Your objective
Print the whole listing exactly as it appears, but skip the pictures.

Exercise data
#####

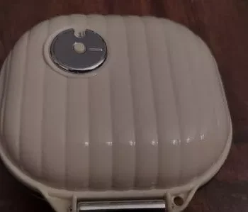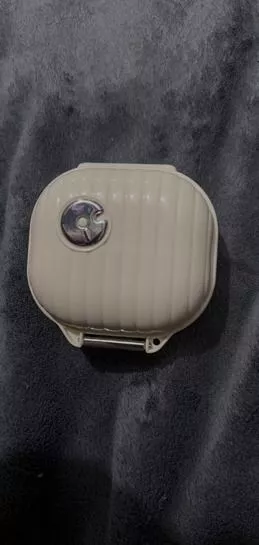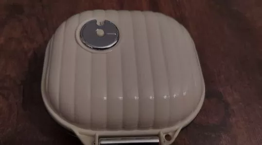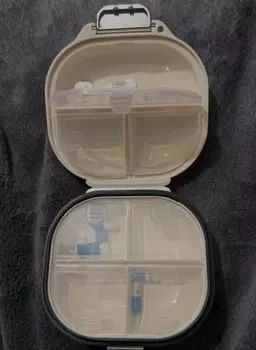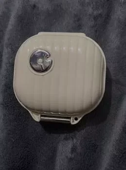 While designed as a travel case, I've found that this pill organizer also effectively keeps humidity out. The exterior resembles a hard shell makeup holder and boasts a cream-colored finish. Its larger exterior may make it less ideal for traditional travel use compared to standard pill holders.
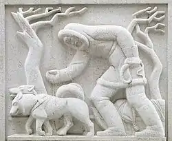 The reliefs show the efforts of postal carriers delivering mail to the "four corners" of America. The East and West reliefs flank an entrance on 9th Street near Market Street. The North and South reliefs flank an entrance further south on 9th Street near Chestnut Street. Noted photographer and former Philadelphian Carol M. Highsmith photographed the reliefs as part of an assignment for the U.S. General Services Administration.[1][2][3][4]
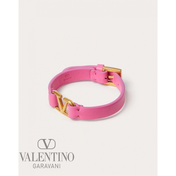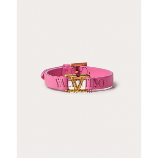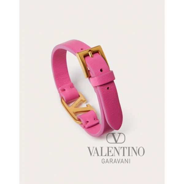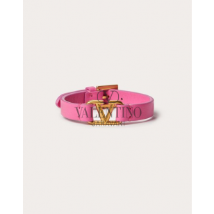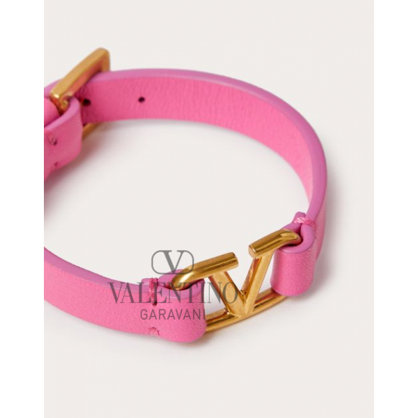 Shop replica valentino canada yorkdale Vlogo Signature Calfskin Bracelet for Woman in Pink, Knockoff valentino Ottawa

#####

Response to this exercise
 While designed as a travel case, I've found that this pill organizer also effectively keeps humidity out. The exterior resembles a hard shell makeup holder and boasts a cream-colored finish. Its larger exterior may make it less ideal for traditional travel use compared to standard pill holders.
 The reliefs show the efforts of postal carriers delivering mail to the "four corners" of America. The East and West reliefs flank an entrance on 9th Street near Market Street. The North and South reliefs flank an entrance further south on 9th Street near Chestnut Street. Noted photographer and former Philadelphian Carol M. Highsmith photographed the reliefs as part of an assignment for the U.S. General Services Administration.[1][2][3][4]
 Shop replica valentino canada yorkdale Vlogo Signature Calfskin Bracelet for Woman in Pink, Knockoff valentino Ottawa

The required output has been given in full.